INSTRUCTIONS FOR THE TASK:
The reply should consist solely of the lines from the one with "2025年一季度,A股行业营" through the final line of the listing, copied exactly, with no pictures.

PROVIDED INFORMATION:
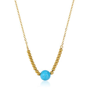 Collana girocollo in acciaio 316L e finitura pvd oro 14K con sfere in acciaio e sfera centrale in turchese ricostruito.
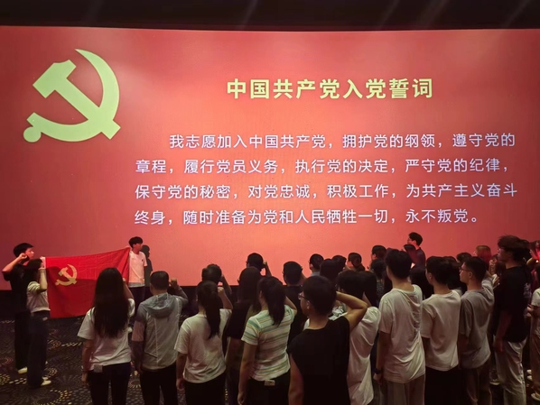 为庆祝中国共产党成立103周年,激励广大党员以实干担当诠释初心使命,不断提升基层党支部的凝聚力和战斗力,6月28日,yl88858永利中国教工党支部携手学生支部联合开展“红色影片燃斗志,入党宣誓焕初心”庆七一红色观影主题党日活动。
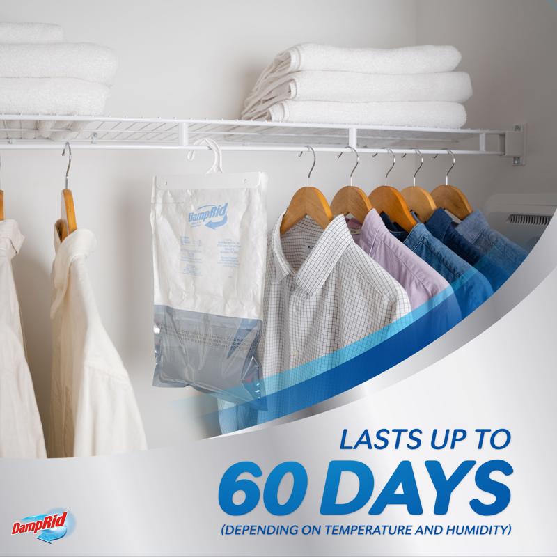 DampRid Hanging Bag Moisture Absorbers attract and trap excess moisture out of the air. Think of it as a dehumidifier without electricity, absorbing excess moisture to create and maintain optimal humidity levels and inhibiting mold and mildew. DampRid Hanging Bag Moisture Absorbers are ideal for closets, but they're also great for laundry rooms and storage areas where clothes and other fabrics often collect unpleasant, musty odors. These DampRid Moisture Absorbers offer 10% more moisture absorbing power compared to 14-ounce bags and can last up to 60 days depending on the temperature and level of humidity. When the liquid in the bag reaches the replacement indicator line, simply discard and replace.
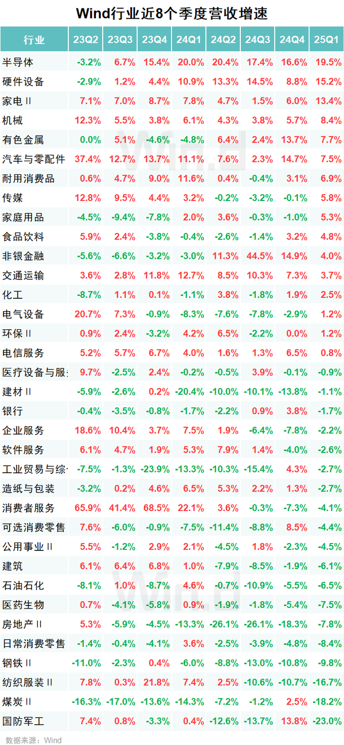 2025年一季度,A股行业营收增速呈结构性分化:半导体(19.5%)、硬件设备(15.2%)、家电(13.4%)维持高增,国防军工(-23.0%)、煤炭(-18.2%)、纺织服装(-16.7%)同比降幅超15%;历史对比显示,半导体连续两年增速超15%,家电、机械(8.4%)较2024年显著回升,国防军工、煤炭跌至近五年最低水平,新旧动能转换提速。
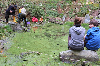 Nachdem die ersten Anzeichen des Frühlings kommen, die ersten Wülmäus-Bienen fliegen, werden auch bald die Frösche, Molche und Salamander die Teiche bevölkern. Da der Wassersteinbruch schon gerichtet ist, der Wühlmäus-Weiher von den Feuersalamandern erst vor kurzem entschlammt wurde, war jetzt der Dornbachteich an der Reihe. Da wir letzte Woche schon angefangen hatten, ging es diesmal relativ schnell. Wir hatten einen größeren Schlauch besorgt, da er aber so stark sog, mussten wir uns etwas einfallen lassen. Eine komplizierte, von Eckie ausgetüftelte Erfindung musste her. Jetzt konnten wir oben weniger Wasser reinlassen, ohne das Luft in den Schlauch kommt. Nachdem diese Sache geklärt wurde, konnte es nun endlich ans Ausgraben gehen. Mit vereinten Kräften wurde der Teich von dem restlichen Schlamm und den Blättern befreit.
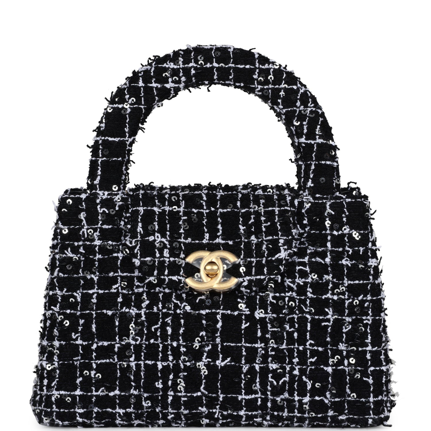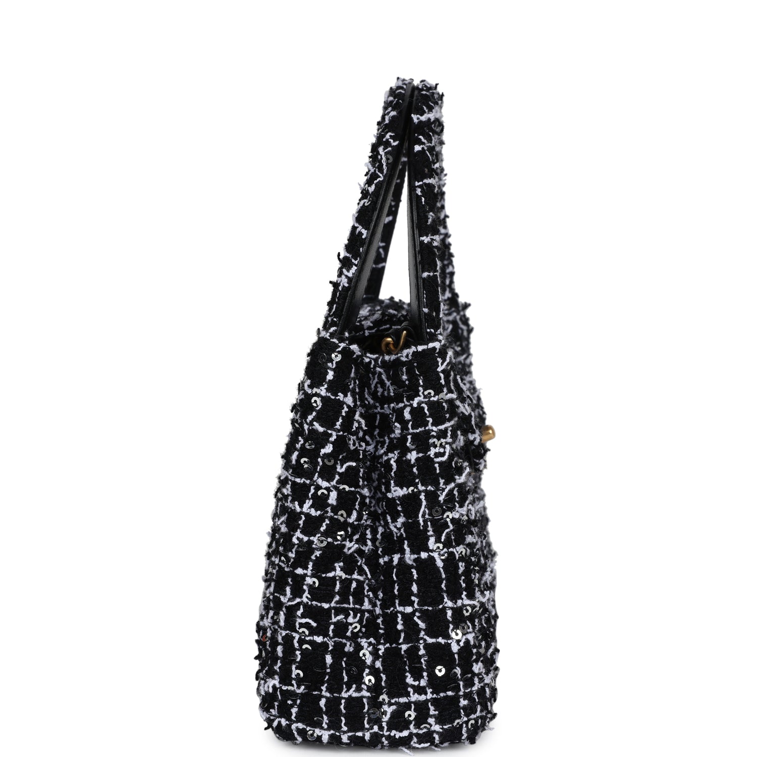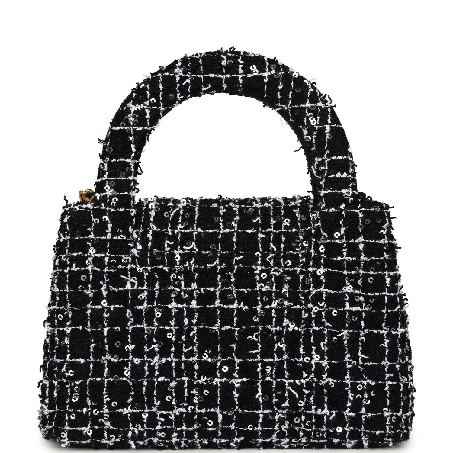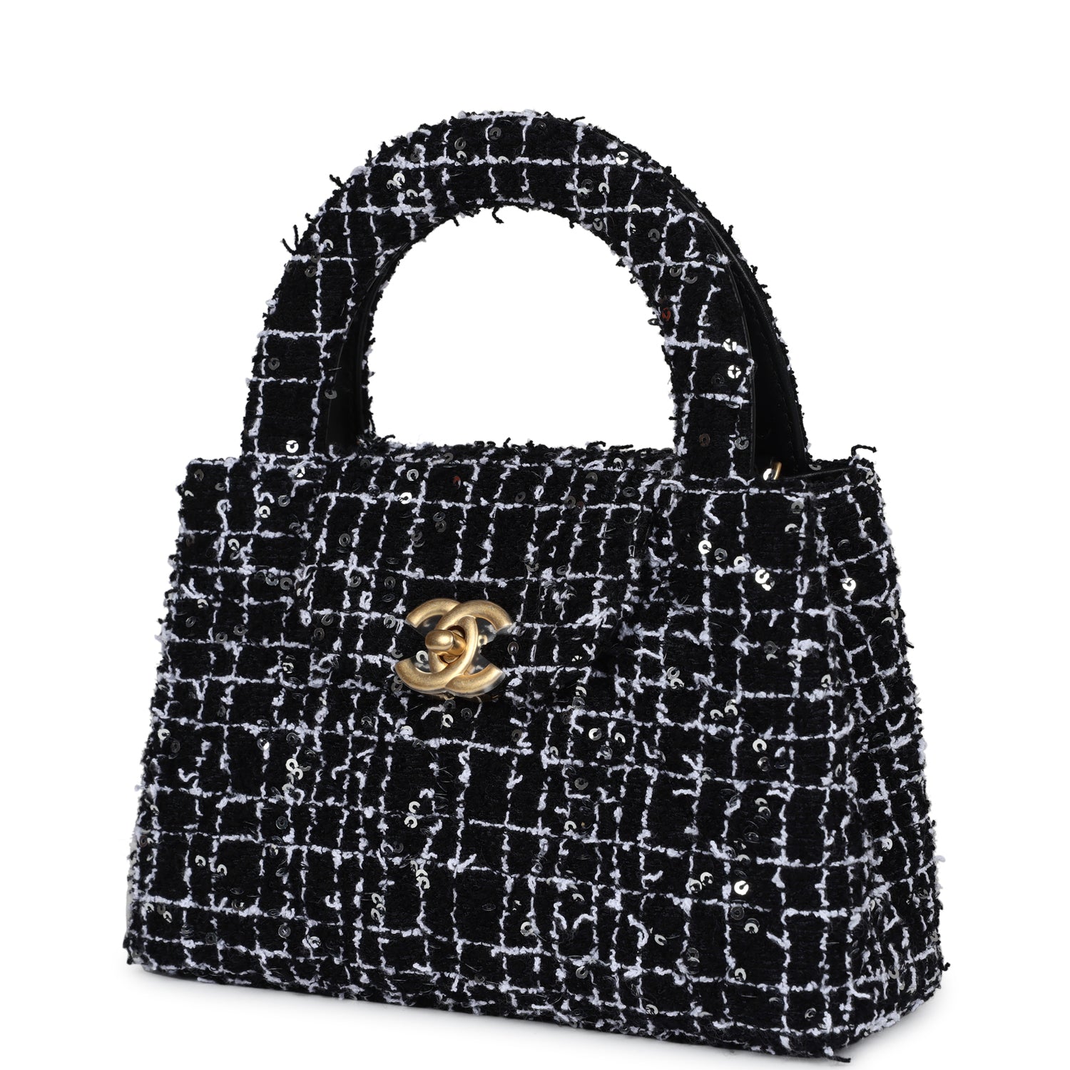 Chanel Small Kelly Shopper Black, White & Silver Sequin Tweed Brushed Gold Hardware
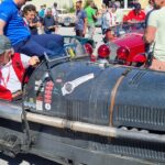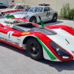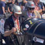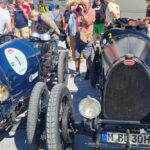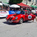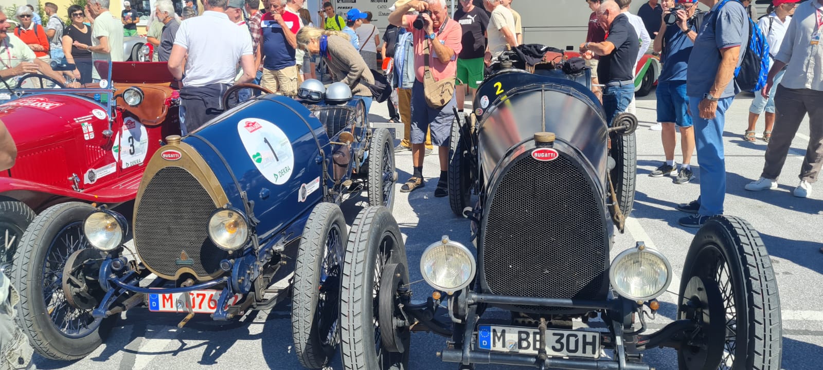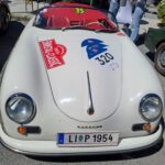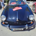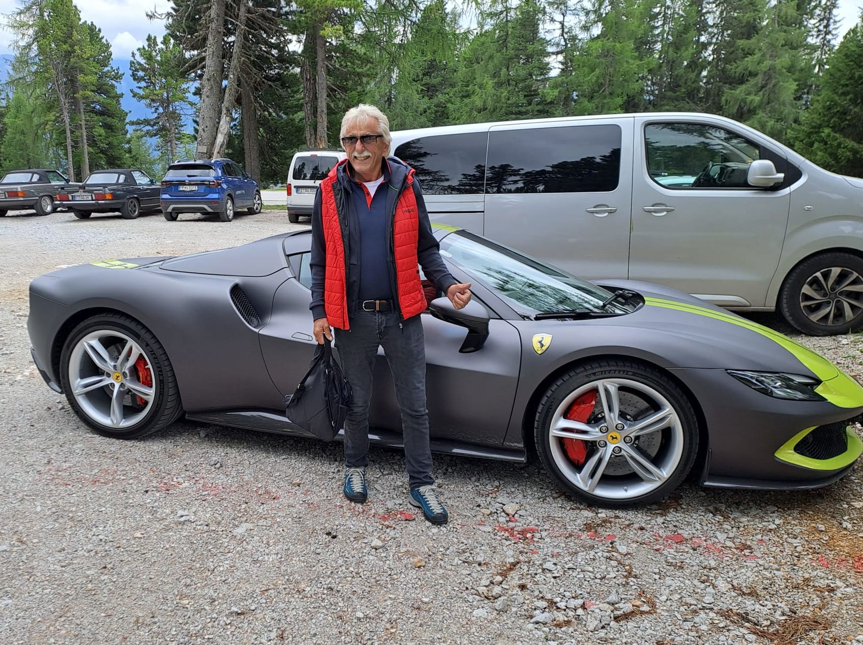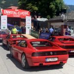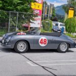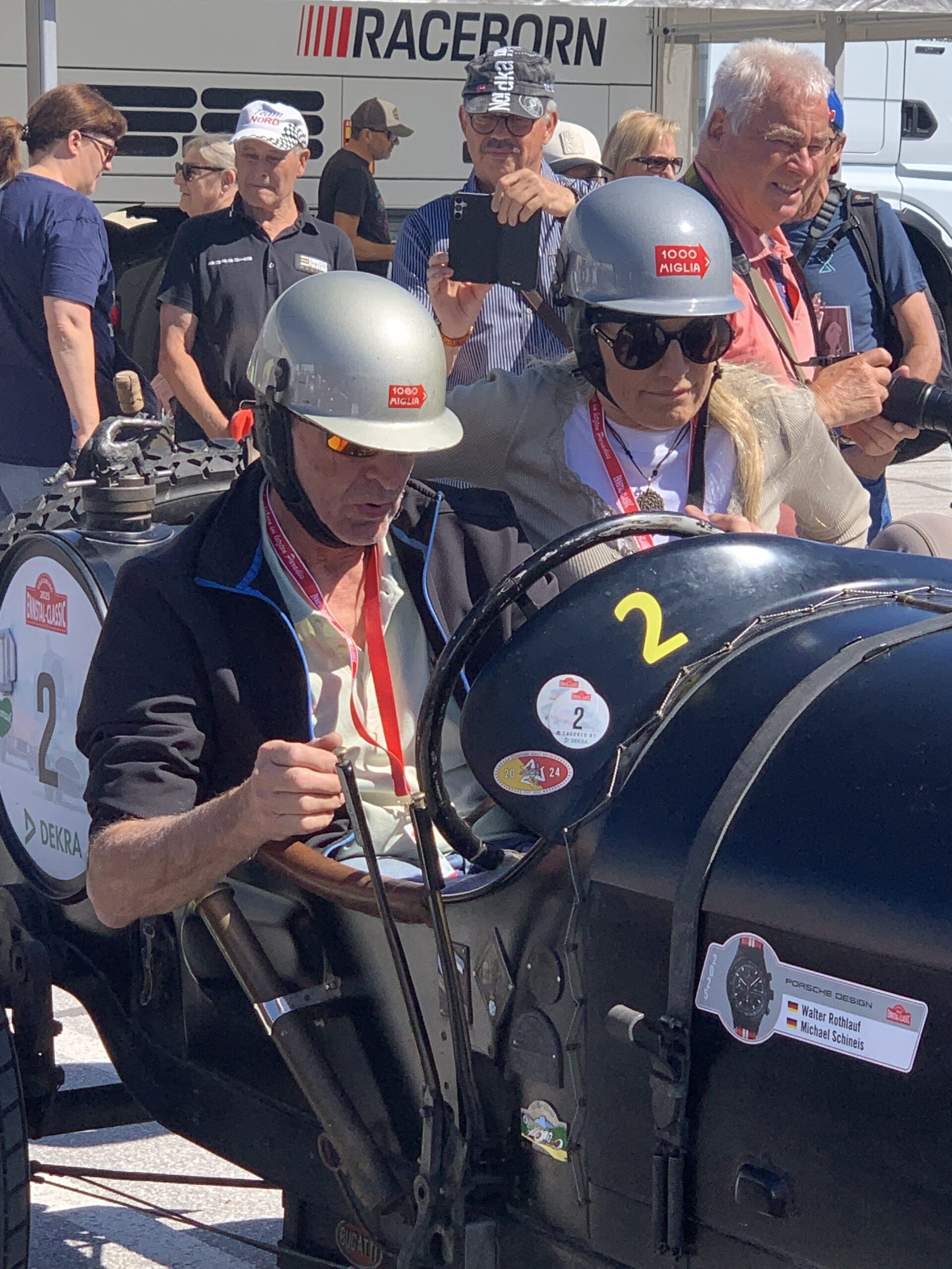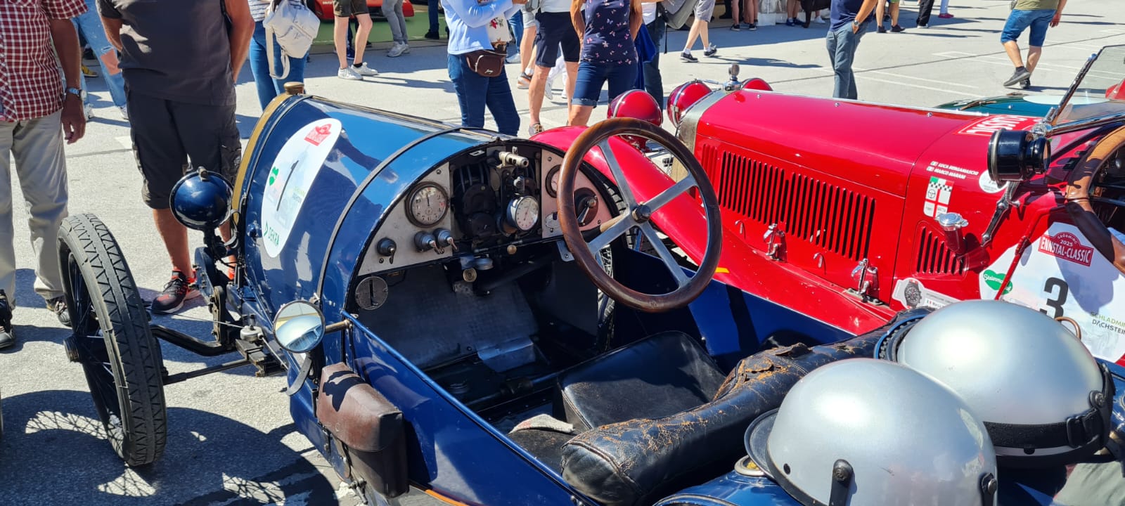 Die ältesten Fahrzeuge der 160 Teilnehmer waren 2 über 100 Jahre alten Bugattis eines Ehepaares aus München. Kurz vor dem Zieleinlauf (zurück von der Bergprüfung am Stoderzinken) gab es einen Schaulauf ganz besonderer Wagen. Auch Hans-Joachim Stuck fuhr mit seinem 962-er mit. Den trafen wir ja kurz zuvor im Dorf beim Kaffeeplausch mit Dieter Quester. Strietzel nahm sich gerne Zeit, um mit uns ein Fotoshooting zu machen.

RESPONSE TO THIS TASK:
 2025年一季度,A股行业营收增速呈结构性分化:半导体(19.5%)、硬件设备(15.2%)、家电(13.4%)维持高增,国防军工(-23.0%)、煤炭(-18.2%)、纺织服装(-16.7%)同比降幅超15%;历史对比显示,半导体连续两年增速超15%,家电、机械(8.4%)较2024年显著回升,国防军工、煤炭跌至近五年最低水平,新旧动能转换提速。
 Nachdem die ersten Anzeichen des Frühlings kommen, die ersten Wülmäus-Bienen fliegen, werden auch bald die Frösche, Molche und Salamander die Teiche bevölkern. Da der Wassersteinbruch schon gerichtet ist, der Wühlmäus-Weiher von den Feuersalamandern erst vor kurzem entschlammt wurde, war jetzt der Dornbachteich an der Reihe. Da wir letzte Woche schon angefangen hatten, ging es diesmal relativ schnell. Wir hatten einen größeren Schlauch besorgt, da er aber so stark sog, mussten wir uns etwas einfallen lassen. Eine komplizierte, von Eckie ausgetüftelte Erfindung musste her. Jetzt konnten wir oben weniger Wasser reinlassen, ohne das Luft in den Schlauch kommt. Nachdem diese Sache geklärt wurde, konnte es nun endlich ans Ausgraben gehen. Mit vereinten Kräften wurde der Teich von dem restlichen Schlamm und den Blättern befreit.
 Chanel Small Kelly Shopper Black, White & Silver Sequin Tweed Brushed Gold Hardware
 Die ältesten Fahrzeuge der 160 Teilnehmer waren 2 über 100 Jahre alten Bugattis eines Ehepaares aus München. Kurz vor dem Zieleinlauf (zurück von der Bergprüfung am Stoderzinken) gab es einen Schaulauf ganz besonderer Wagen. Auch Hans-Joachim Stuck fuhr mit seinem 962-er mit. Den trafen wir ja kurz zuvor im Dorf beim Kaffeeplausch mit Dieter Quester. Strietzel nahm sich gerne Zeit, um mit uns ein Fotoshooting zu machen.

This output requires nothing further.